Filmi baştan sona izledikten sonra nerelerde müzik kullanılacağını, müziğin hangi saniyelerde başlayıp biteceğini belirlersiniz. Her müzik parçası bir cue’dur. (Bazı kelimeleri çevirmemek daha anlaşılır olduğu için ben hep cue diye yazacağım.)

Uzun metraj filmler genellikle hayali olarak ~20 dakikalık parçalara bölünürler. Örneğin, karakterin tanıtımı, gelişimi, zorlukla mücadele edişi ve mutlu son gibi. Bu eskiden kullanılan makaralardan dolayı böyle gelmiş ve halen devam eden bir alışkanlık. Böyle bir bölüm yoksa, sekans veya sahneye göre de bölümleme yapılabilir. Yani filmi bir şekilde parçalara ayırmanız gerekli. Sahneye göre ayırdığımızı varsayalım.

1M1 = Birinci sahnedeki birinci cue (müzik).

1M2 = Birinci sahnedeki ikinci cue.

1M3, 1M4, …

Anladınız siz onu. Filmler size gönderilirken yukardaki gibi kodlar görüntü üzerine gömülü olarak gelebilir. Yönetmen nerelere müzik istediğini bu şekilde anlatmıştır veya bu kodları kullanarak, en azından kaç müzik istediğini belirtir. Siz de yaptığınız müzikleri bu şekilde isimlendirirseniz hangisinin nerede kullanıldığı konusunda karışıklık yaşamazsınız. Film size bu şekilde gelmezse bile mümkün mertebe üzerinde timecode olan bir kopya isteyin. Çalışmanızı çok hızlandıracaktır. Timecode olmasa bile, çoğu DAW programıyla timecode penceresi açabildiğiniz için bu büyük bir sorun değil. Kodları gördüğünüz zaman, “adamın ejderhaya dönüşüp kadını yediği sahne” diye anlatmak yerine direkt olarak “1:03:07:22” yazdığınızda nereden bahsettiğiniz daha kolay anlaşılır.

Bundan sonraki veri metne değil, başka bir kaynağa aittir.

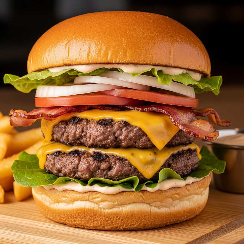 Acompañada de pan, doble carne al barril, queso tipo americano, doble tocineta, tomate, lechuga, cebolla y salsa de la casa.
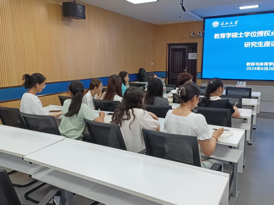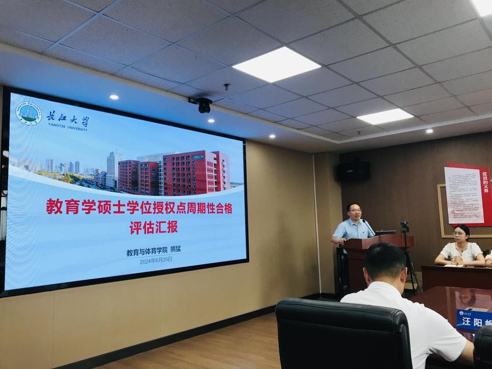副院长熊猛教授从sjb世俱杯中国官网入口总体概况、教育学一级学科硕士学位授权点基本情况、自我评估工作开展情况和持续改进计划等方面详细汇报了我校教育学学位授权点的建设进展。

Çok kısa cue’lar yazmaktan kaçının. Mesela en az 15 saniye olsun. 3 dakikadan daha uzun sürenler için ise sonradan onları kolaylıkla bölebileceğiniz yerleri hesaplayın. Müziğin nerede başlayacağını bilmek kolaydır ancak nerede bitireceğinizi bilmek zor kısım.

Müzik eklememek de bir müzik kullanımıdır. Müziği bitirmek de keza öyle. Diyaloğun vurgulanması gerekiyorsa, izleyiciye zamanın akışı hissettirilmek isteniyorsa veya sadece izleyiciyi aşırı müzikle yormamak hedeflenmişse müzik kullanmazsınız. Filmin gidişatına göre bu kararları verebilmek, kişiyi sanatçı yapar.

SKOR YAZMA

Öncelikle DAW programınızı hazırlayacaksınız. İlk olarak bilmeniz gereken şey, DAW’ın video dosyalarını açabiliyor olması. Daha önce bahsettiğim başlıca meşhur olanların hepsi bunu destekler ve bir video player’ları vardır. Eğer buna rağmen dosya açmada sıkıntı yaşıyorsanız muhtemelen codec problemiyle karşı karşıyasınızdır. Aksi halde DAW’ın destek forumlarından yardım almayı deneyin.

Eğer size gelen videoda timecode varsa DAW içindeki timecode ile kıyaslayın ve aynı olmasını sağlayın. Filme en baştan başlayarak müzik yapacaksanız bu o kadar önemli değil ama bir sahnenin ortasından başlamak gerekliyse faydasını göreceksiniz.

Şimdi hazırız ve müzik yazmaya başlıyoruz. Çoğu besteci filmi izlerken kafasında müzikleri duyar. Müzikler düşünerek yapılır. Bazen de enstrümanla deneme yaparken kazara uygun şeyler keşfedilir. Kimi zaman günler, kimi zaman haftalar sadece düşünerek harcanabilir. Tabii projenin büyüklüğüne ve bitirme süresine göre. Ancak önceki adımları başarıyla atmışsanız zaten ne tür müzikler yapacağınızı, hangi enstrümanları kullanacağınızı, yönetmenin neler istediğini biliyorsunuz demektir. Bu sayede stratejiniz ona göre şekillenir ve zaman kaybınız minimuma iner. DAW’ı ilk açtığınızda bomboş bir sayfanız olabilir ama ne yapacağınızı bildiğiniz için aslında o sayfa o kadar da boş değil.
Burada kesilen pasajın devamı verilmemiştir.